● **Extracted information**:
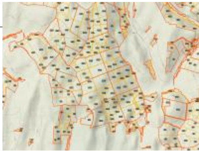
Remetekert ER és környéke, NÉBIH EI Erdőtérkép - Google TOPO Remetekert Erdőrezervátum NÉBIH EI - Google 2012 topo_37v.jpg
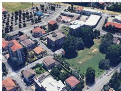
Vista aerea del condominio
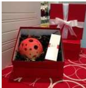
La Maison du Macaron - Marché Casse-Noisette
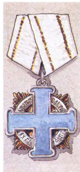
Проектный рисунок знака отличия (первоначально ордена) Св. княгини Ольги

терявшая в Первую мировую войну трех сыновей. Все три брата были Георгиевскими кавалерами.
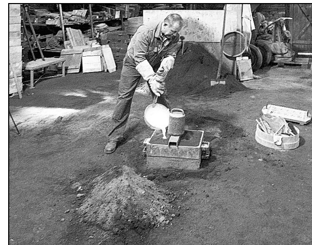
Schaugießen in der Heinrichshütte Wurzbach
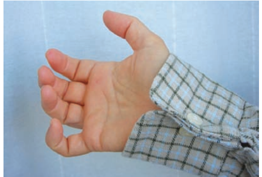
Fig. 55 - Botões duplos com elástico
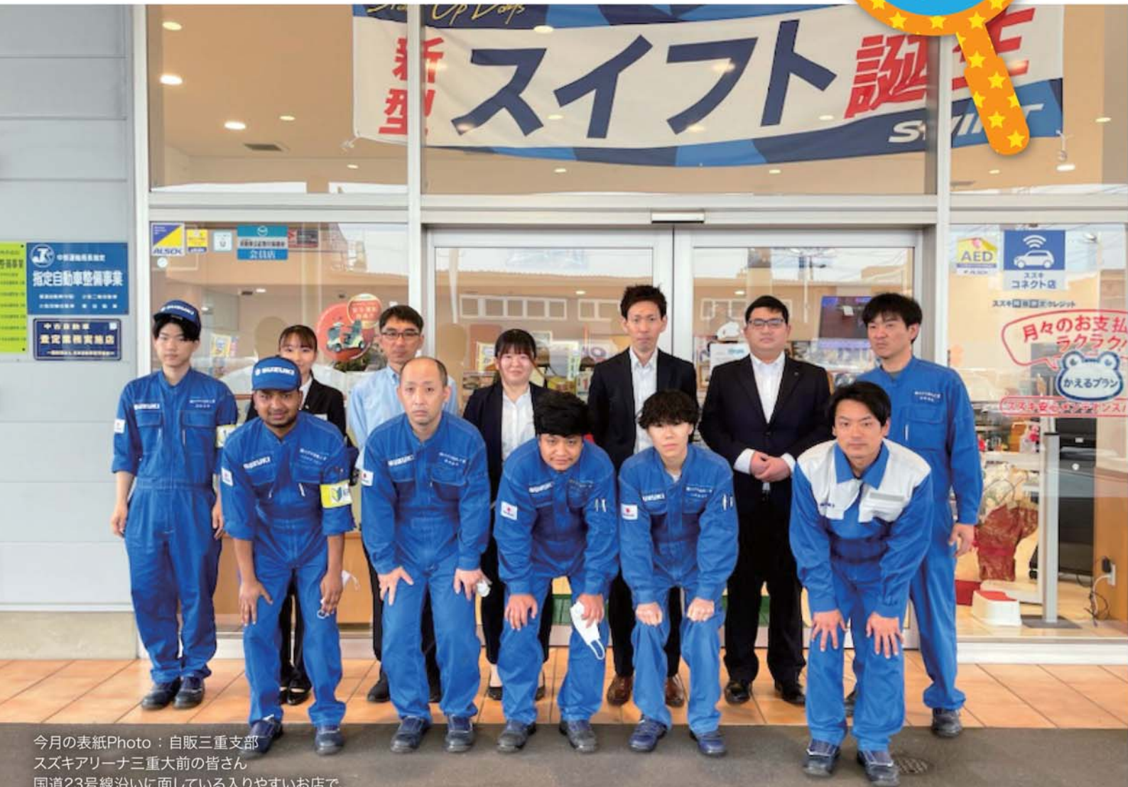
今月の表紙Photo：自販三重支部 スズキアリーナ三重大前の皆さん 国道23号線沿いに面している入りやすいお店で、 営業5人、サービススタッフ7人の12人で運営しています。
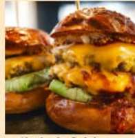
牛乳産食材の 限定バーガー
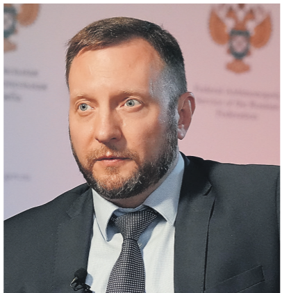
Дмитрий Корняков | Известия

В этих условиях у нас появился пробел в антимонопольном регулировании достаточно крупных инфраструктурных цифровых монополий, которые

● **What is needed**:
Copy exactly the lines running from the line with "терявшая в Первую" to the final line of the listing, keeping both ends and dropping any picture.

● **Answer for the task**:
терявшая в Первую мировую войну трех сыновей. Все три брата были Георгиевскими кавалерами.
Schaugießen in der Heinrichshütte Wurzbach
Fig. 55 - Botões duplos com elástico
今月の表紙Photo：自販三重支部 スズキアリーナ三重大前の皆さん 国道23号線沿いに面している入りやすいお店で、 営業5人、サービススタッフ7人の12人で運営しています。
牛乳産食材の 限定バーガー
Дмитрий Корняков | Известия

В этих условиях у нас появился пробел в антимонопольном регулировании достаточно крупных инфраструктурных цифровых монополий, которые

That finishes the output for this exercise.